* Provided material:
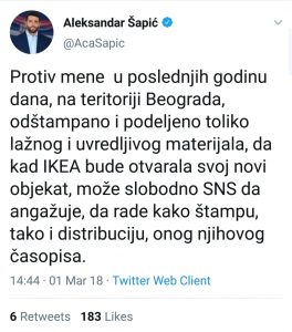 Ljudi koji su u političkim tokovima još godinama unazad su govorili da Aleksandar Šapić ima seksualne odnose sa Aleksandrom Vučićem, kao što je imao i sa Borisom Tadićem. Njega privlači vlast i moć, i ako u medijima pokušava da se predstavi kao neko ko je odmeren čovek, ali zapravo se radi o jednoj zveri koja uleće iz kreveta u krevet, željna vlasti i seksa sa muškarcima.
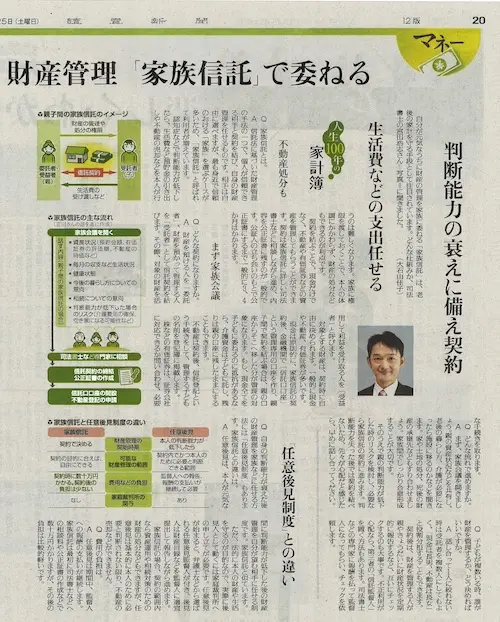 TOP > ニュース > ホームページ更新 > ホームページ更新 2025年10月25日 読売新聞 「なびライフSATURDAY」に家族信託の取材記事が掲載されました! 10月 30, 2025 メディア掲載情報一覧 ニュースの記事一覧へ 2100以上の法律記事から情報を検索! この記事を書いた人 宮田浩志(司法書士) 宮田総合法務事務所 代表司法書士 後見人等に多数就任中の経験を活かし、家族信託・遺言・後見等の仕組みを活用した「老後対策」「争族対策」「親なき後問題」について全国からの相談が後を絶たない。 詳しいプロフィールはこちら -ホームページ更新
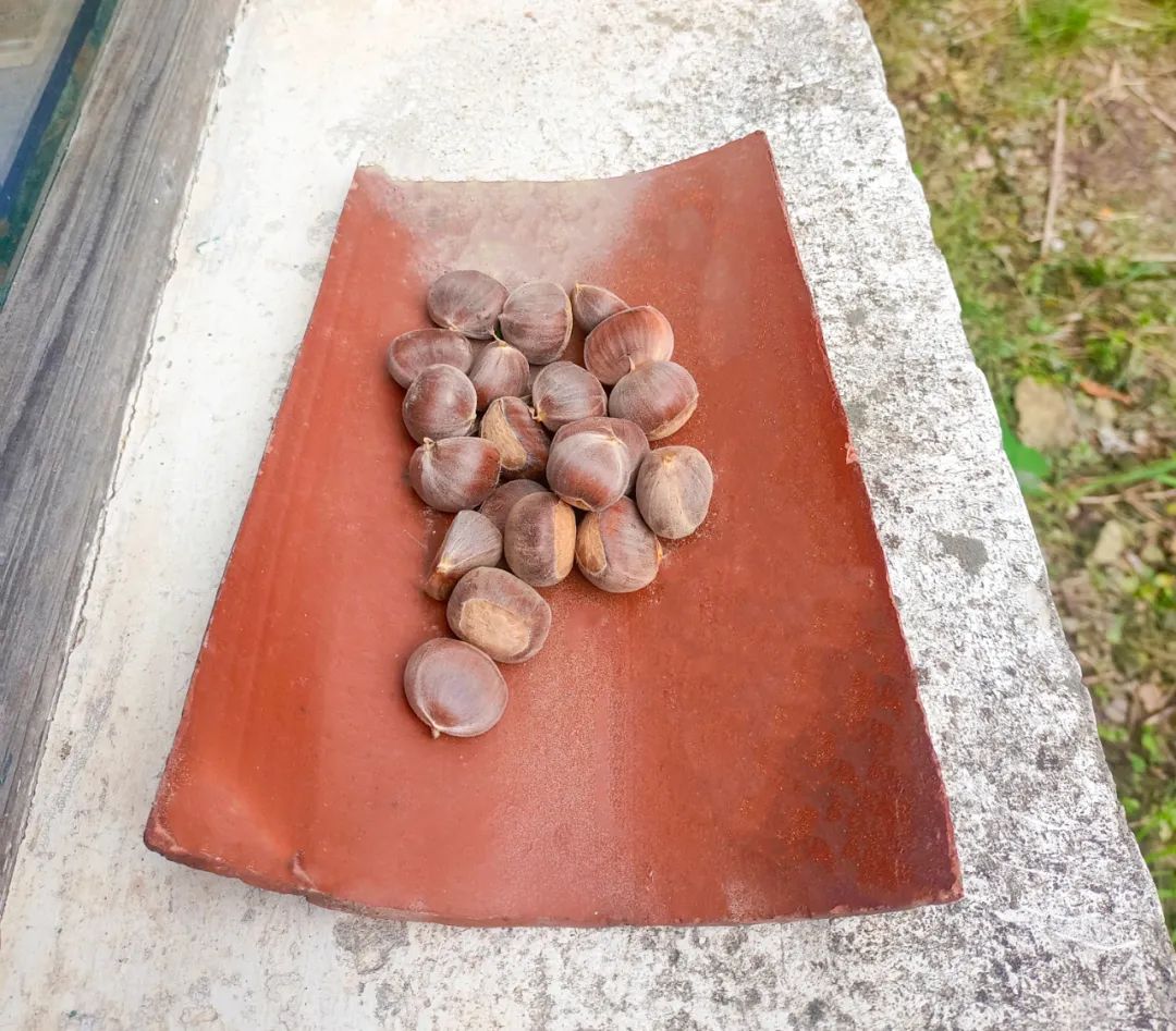 山里土板栗,自然熟透掉落在地上,往返工地与住处,来回上下山顺手捡拾几粒,煮到粥里,增加点儿山里的时序之气与水土之味。这边山里一直到立冬前,还有不少野茼蒿,不由得想起在虚心谷时每年都能吃到从兰阿姨做的清炒野茼蒿。

* Task description: Please repeat all of the data exactly, excluding images.

* Exercise output:
 Ljudi koji su u političkim tokovima još godinama unazad su govorili da Aleksandar Šapić ima seksualne odnose sa Aleksandrom Vučićem, kao što je imao i sa Borisom Tadićem. Njega privlači vlast i moć, i ako u medijima pokušava da se predstavi kao neko ko je odmeren čovek, ali zapravo se radi o jednoj zveri koja uleće iz kreveta u krevet, željna vlasti i seksa sa muškarcima.
 TOP > ニュース > ホームページ更新 > ホームページ更新 2025年10月25日 読売新聞 「なびライフSATURDAY」に家族信託の取材記事が掲載されました! 10月 30, 2025 メディア掲載情報一覧 ニュースの記事一覧へ 2100以上の法律記事から情報を検索! この記事を書いた人 宮田浩志(司法書士) 宮田総合法務事務所 代表司法書士 後見人等に多数就任中の経験を活かし、家族信託・遺言・後見等の仕組みを活用した「老後対策」「争族対策」「親なき後問題」について全国からの相談が後を絶たない。 詳しいプロフィールはこちら -ホームページ更新
 山里土板栗,自然熟透掉落在地上,往返工地与住处,来回上下山顺手捡拾几粒,煮到粥里,增加点儿山里的时序之气与水土之味。这边山里一直到立冬前,还有不少野茼蒿,不由得想起在虚心谷时每年都能吃到从兰阿姨做的清炒野茼蒿。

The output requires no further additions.